Windows Server 2003 FTP Query

Fizman

Our server in work operates on Windows Server 2003. We have an FTP site/server set up so that when we are off site, we can log on an download/upload files etc. We also have several other people working for us around the country who have access to this FTP server.

We could have 20+ folders on this server at any one time, and whoever logs on, currently has access to all data. My boss however, wants to limit the access some users have, to just one folder for example.

E.g. Mark works from Galway, and has a 'Mark' folder on the FTP at the minute. Is it possible to limit Marks access to just this folder? I have had a quick look over lunch on the MS website, and saw that there is an FTP User Isolation feature. Would this be the way to go? I have personally had little or no experience in MS Server in the past.

Any info appreciated!

seamus

It's not even so much about isolation. Much like any FTP server, you can specify who has logon rights to the FTP Server and then you specify a base (home) directory for that user when they log in. The user then can only navigate within that directory tree.

Sorry, haven't got much more info than that as I don't have access to Win FTP server right here. You manage the FTP server through the IIS admin tool.

Fizman

Thanks. I'll have a look through the IIS options later on to see if it is an obvious option. If not i'll look deeper into the MS FTP pages.

Fizman

Ok so I set up a few user accounts in Active Directory, and set their profile/root path to specific folders on our FTP site. The whole thing works a charm when viewed through Windows Explorer, with the user only seeing the files which are in their own folder. Internet Explorer is a different story altogether though.

When IE is fired up and the FTP address is entered, the user is then asked for their username and password. When these are entered, our entire root directory appears in list form, in full view to the user whose root I had set to their own folder on our site. Logged in as one of these new users, I was able to download some content that would not be located in their folder (i.e. its in our root and they should not have access to it). However, when I click on 'Page' and select 'View FTP in Windows Explorer', only their own data from their own folder appears.

Any ideas what the problem might be?? Is there further security required to have our directory locked when viewed in IE?

Any help appreciated as I am looking to get these accounts up and running as soon as possible!

moridin

You could actually change the filesystem access to these files so that the user can only read and/or write to specific areas.

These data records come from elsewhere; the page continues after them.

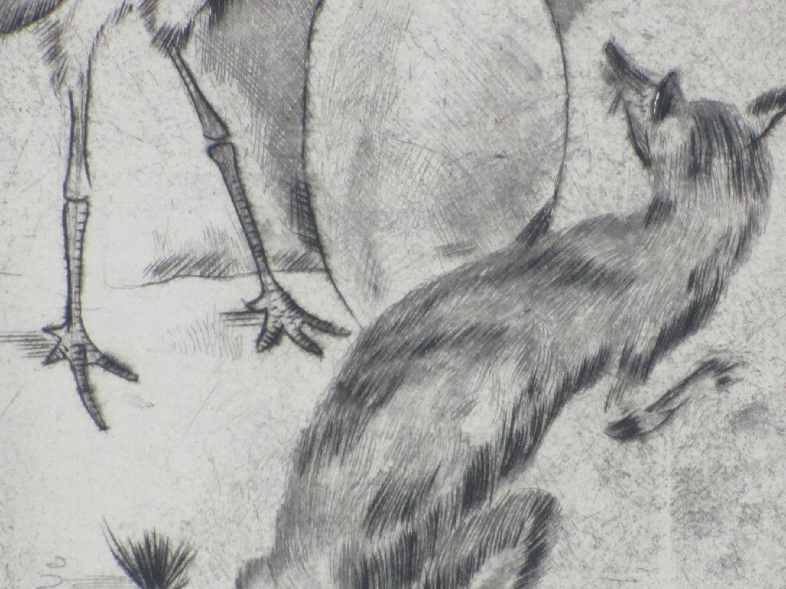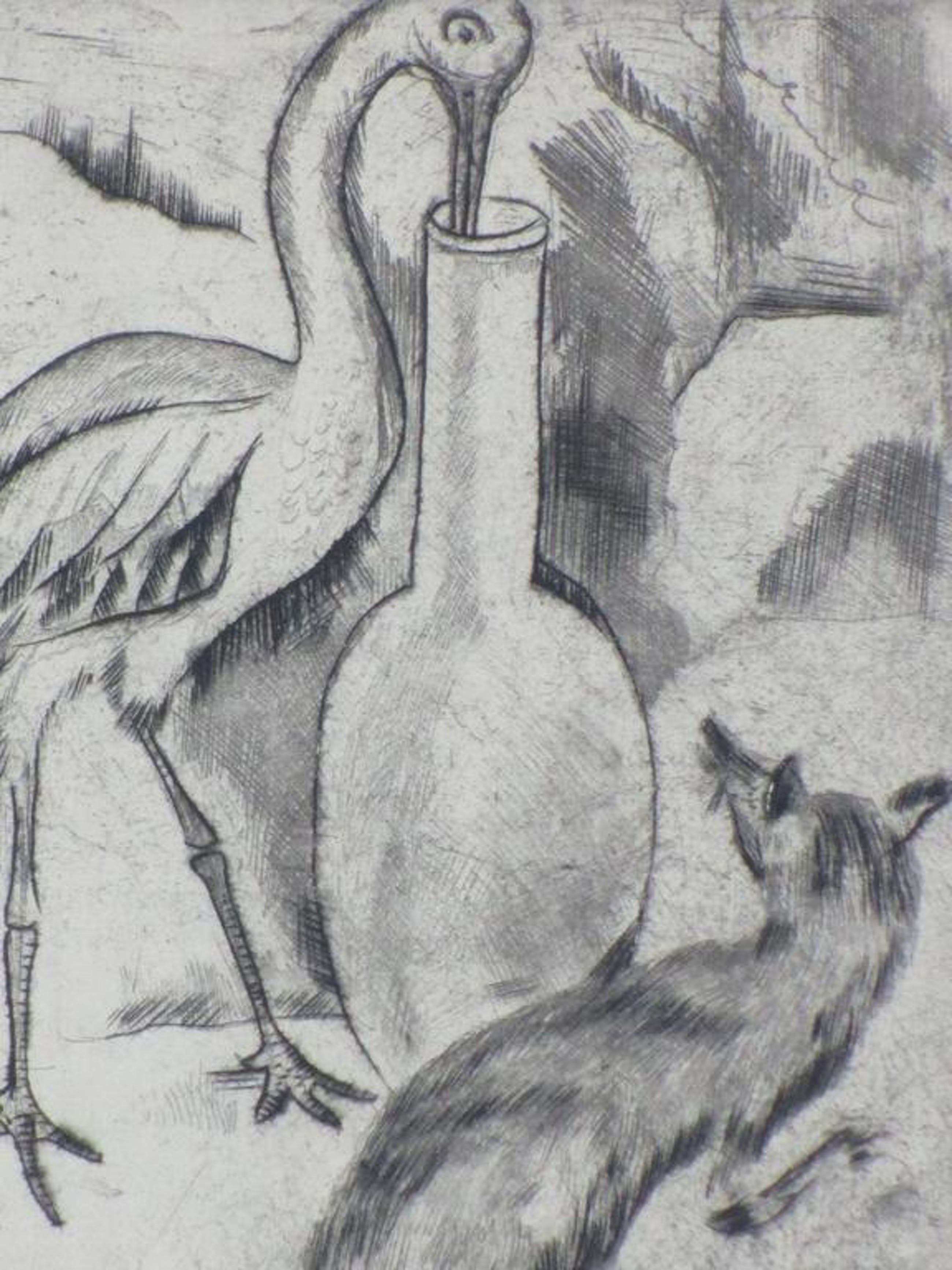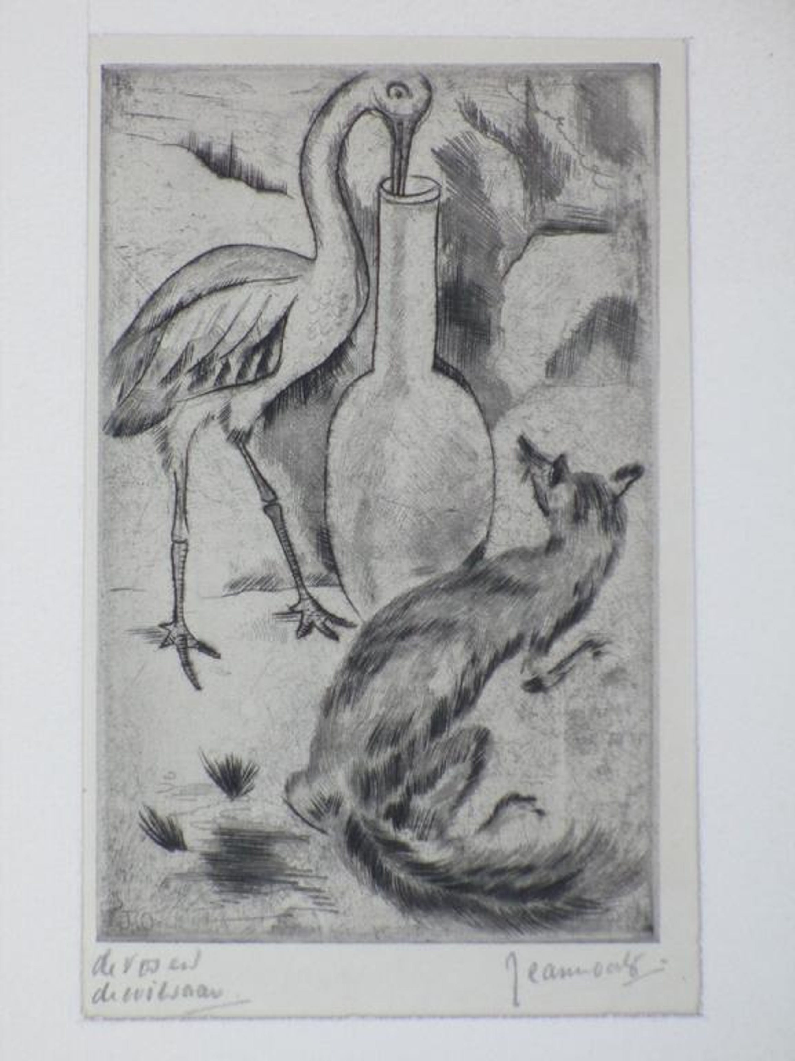 Gesigneerd r.o.'Jeanne Oosting', getiteld l.o. 'de vos en de ooievaar'
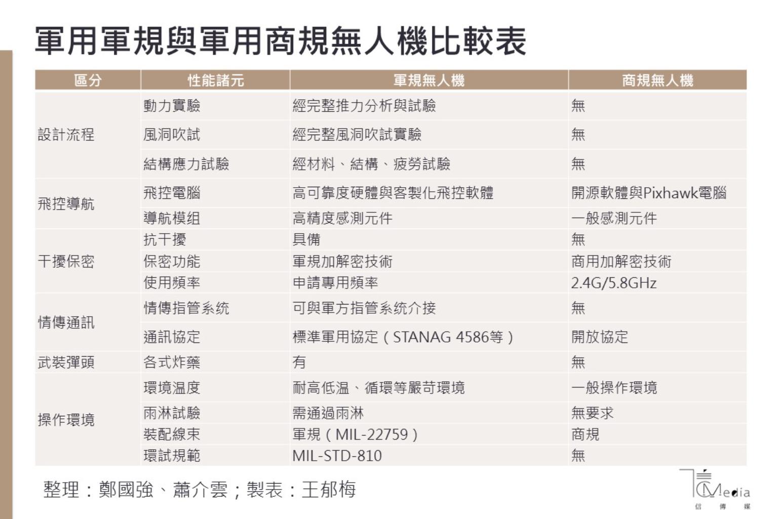 對於軍、民競合,中科院人士說的非常直白,軍規產品主、次系統必須經過嚴格的驗證,以及吹風洞,與民間無人機有著極大的不同。
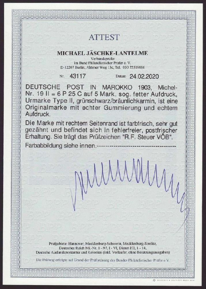 | Prüfgebiet: | Deutsche Auslandspostämter Marokko |
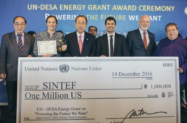 首個有中國民間機構參與並贊助的「為了我們希望的未來」聯合國能源大獎,於當地時間12月14日在紐約聯合國總部舉行第二屆頒獎禮,本屆評選主題為「可持續交通能源」。來自挪威的科技工業研究所(SINTEF)獲得大獎,并獲頒獎金一百萬美元,用以推動研究所在中東及北非地區開展的太陽能電動渡輪計劃。
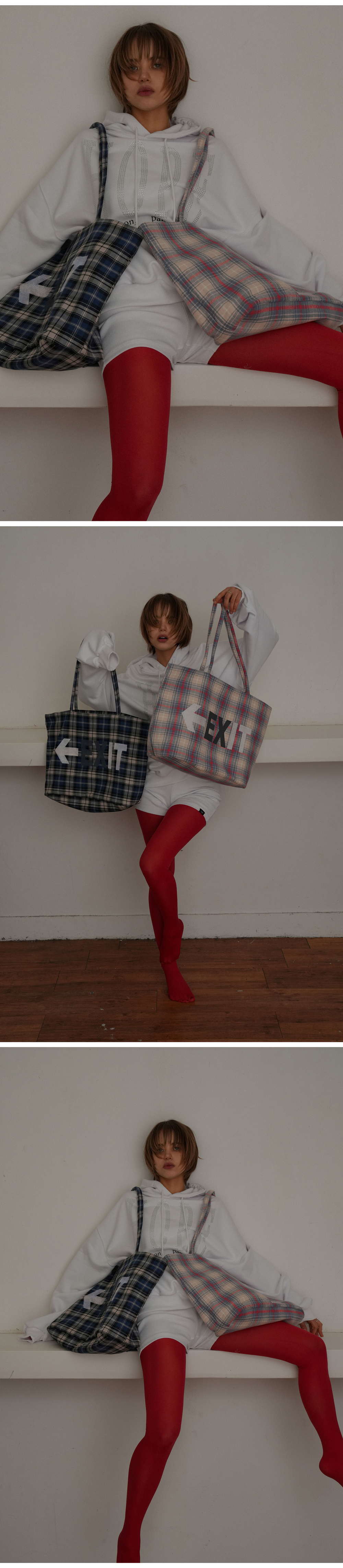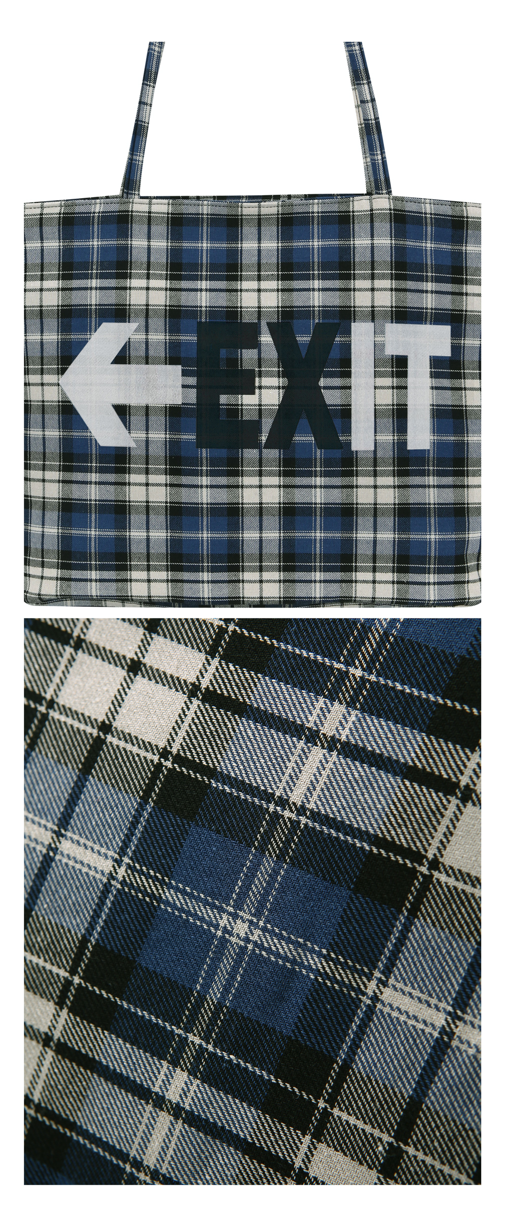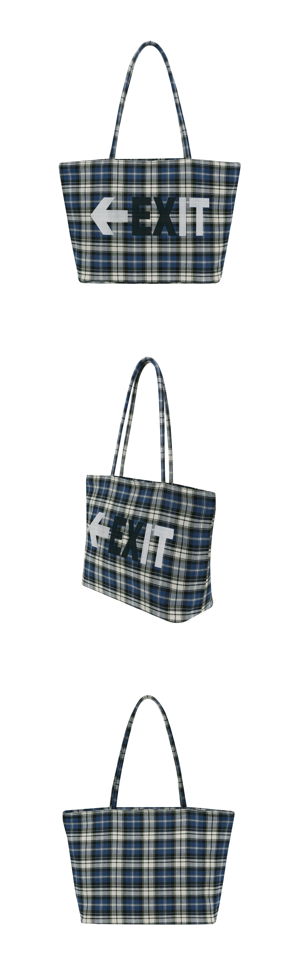 그레일즈 체커드 토트 백 블루

When someone logs into a machine via FTP using a windows login account they get the same access they would to files as a user of that machine.

Just because you set someone's home folder to say c:\ftproot\jim doesn't mean that he can't change back up to the ftproot if he wants to, it just sets his home folder, i.e. the folder he sees when he logs in with that account.

What happens when you use a proper FTP client, like commandline FTP or Filezilla?

It sounds to me like you need to tighten up your NTFS file permissions and put these "external" users in a group where they don't get access to view the full contents of the ftproot

seamus

moridin wrote: »

It sounds to me like you need to tighten up your NTFS file permissions and put these "external" users in a group where they don't get access to view the full contents of the ftproot

Yep, that would be my thinking.

The ideal situation would be a distinct folder where all FTP Files are uploaded. Then you remove the user's access to the root folder (and below), and provide them with a folder in the FTP root which they have access to.

If you're doing your testing on a domain machine from within the domain, IE may also be just acting clever and compiling the information based on NFS shares and the like.